Further, Obama is now warring on domestic production of energy plants using coal - and I seriously doubt this administration will consider any sort of expanded domestic oil production. Oil costs are low now. That said, the pendulum will, as it always does, swing. The massive markets for oil in China and India will again take hold. When it does, we will be even less prepared for the huge jump in oil and gas costs then when we were a year ago, when merely $4 a gallon for gas was putting a world of hurt on American families. Obama, despite his promises to the contrary during the campaign, is doing nothing to prepare us for this inevitability.

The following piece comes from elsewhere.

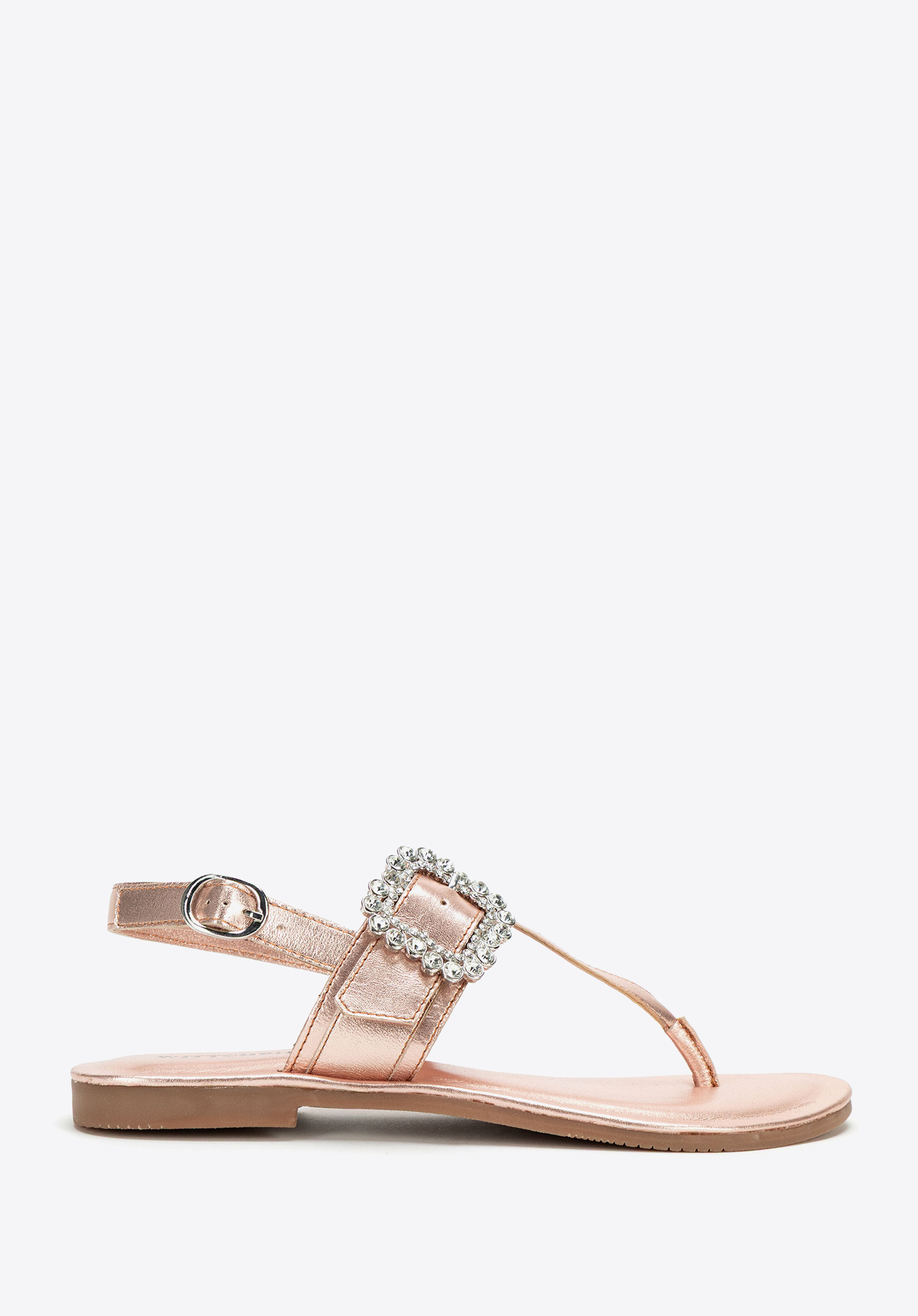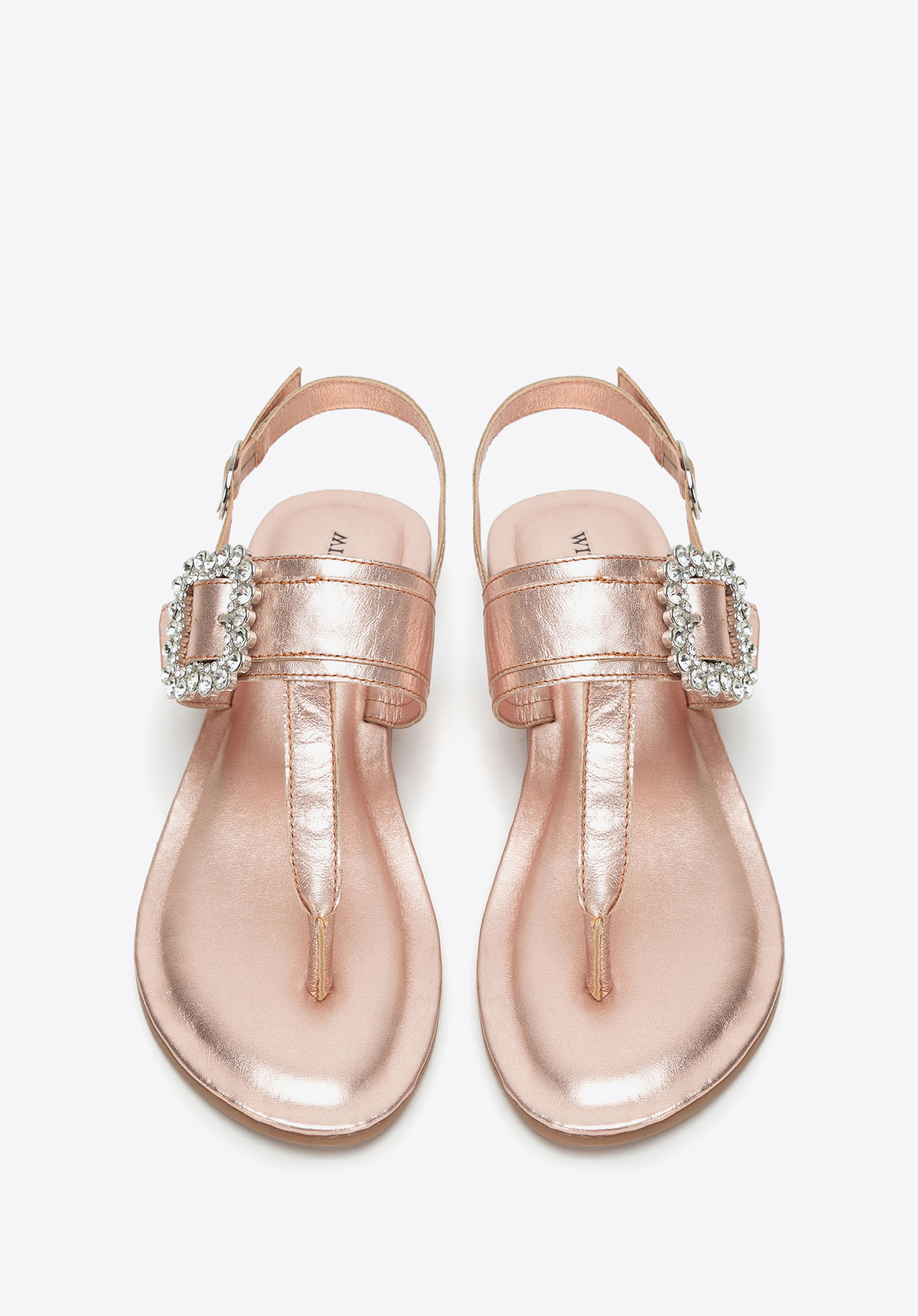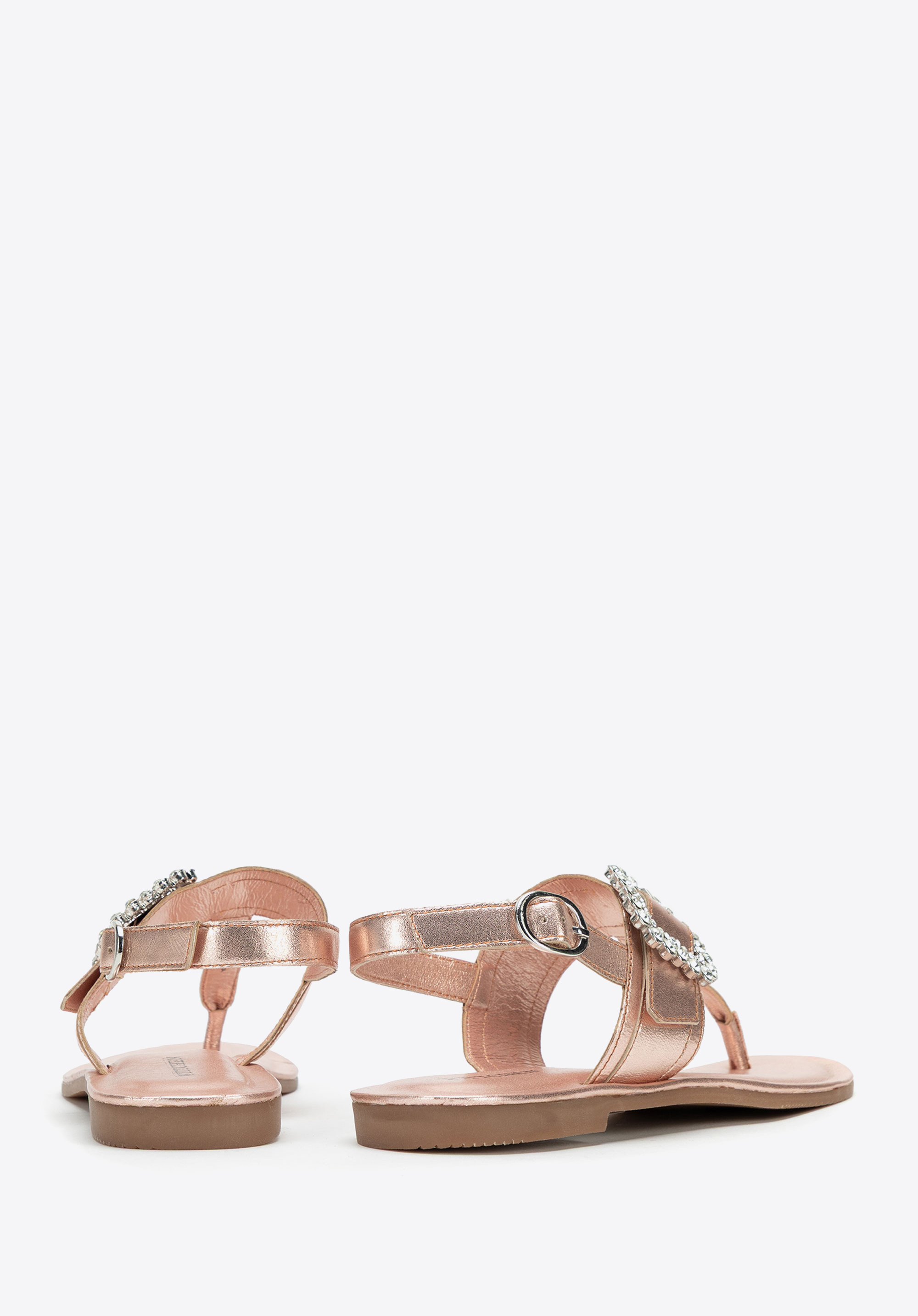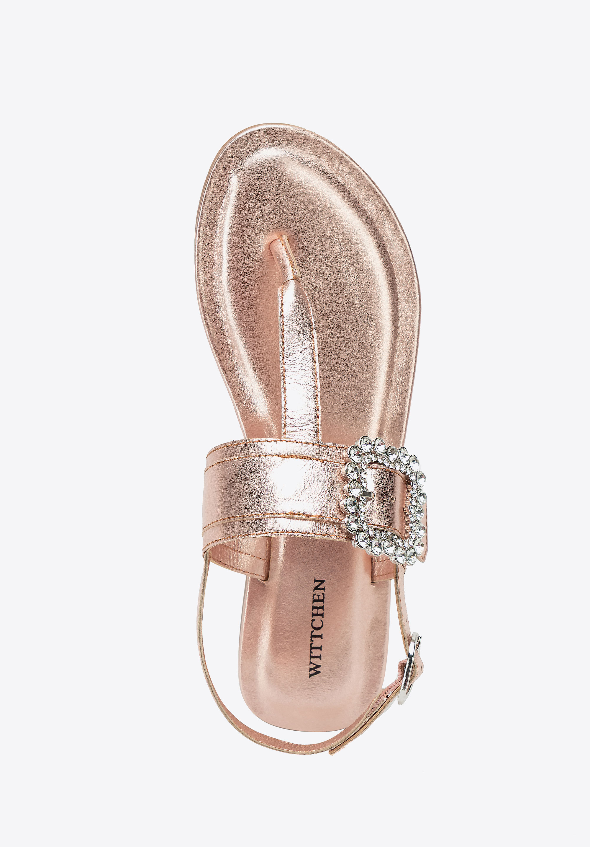 - Dekoratív csat a pánton: Szemet gyönyörködtető részlet, amely nőies, elegáns karaktert kölcsönöz a szandálnak.

We are in a mess and the left, having primed the nation with class envy and then convinced a majority that they could improve the economy, are now spending us into penury for generations to come. Obama - who in fact himself bears some personal responsiblity for our current financial crisis through his strong arming of Chicago banks on behalf of ACORN - is nothing if not an opportunist. He and his like minded cronies are using the economic crisis to work a fundamental change to our nation. We are on the road to European socialism. I wonder if we will even stop there between now and 2012? Or will we run past that line following the rainbow to Utopia?









3 comments:

Ex-Dissident said...

You, know the crazy notion of leaving the union may start to look more and more attractive by the end of this year.

suek said...

I've added this blog to my reading list. His position is that much of this economic mess was brought on by frankly illegal actions, which have not been investigated or prosecuted (latest being the BofA forced buy of Merrill Lynch.) Oddly enough, he apparently voted for Obama (I don't know what his rationale was - I wasn't reading his blog at that time) but has definitely reconsidered. He writes in a very readable style. I only read the main page, but it appears that the blog is much more extensive. I don't have the background to benefit by much of it, I'm afraid. I'm trying to learn, but would rather not be tossed into the deep end right off the bat...!

http://market-ticker.denninger.net/

GW said...

Ready to start an insurrection Vinny?

Thanks for the link Suek. Will give this blog a read.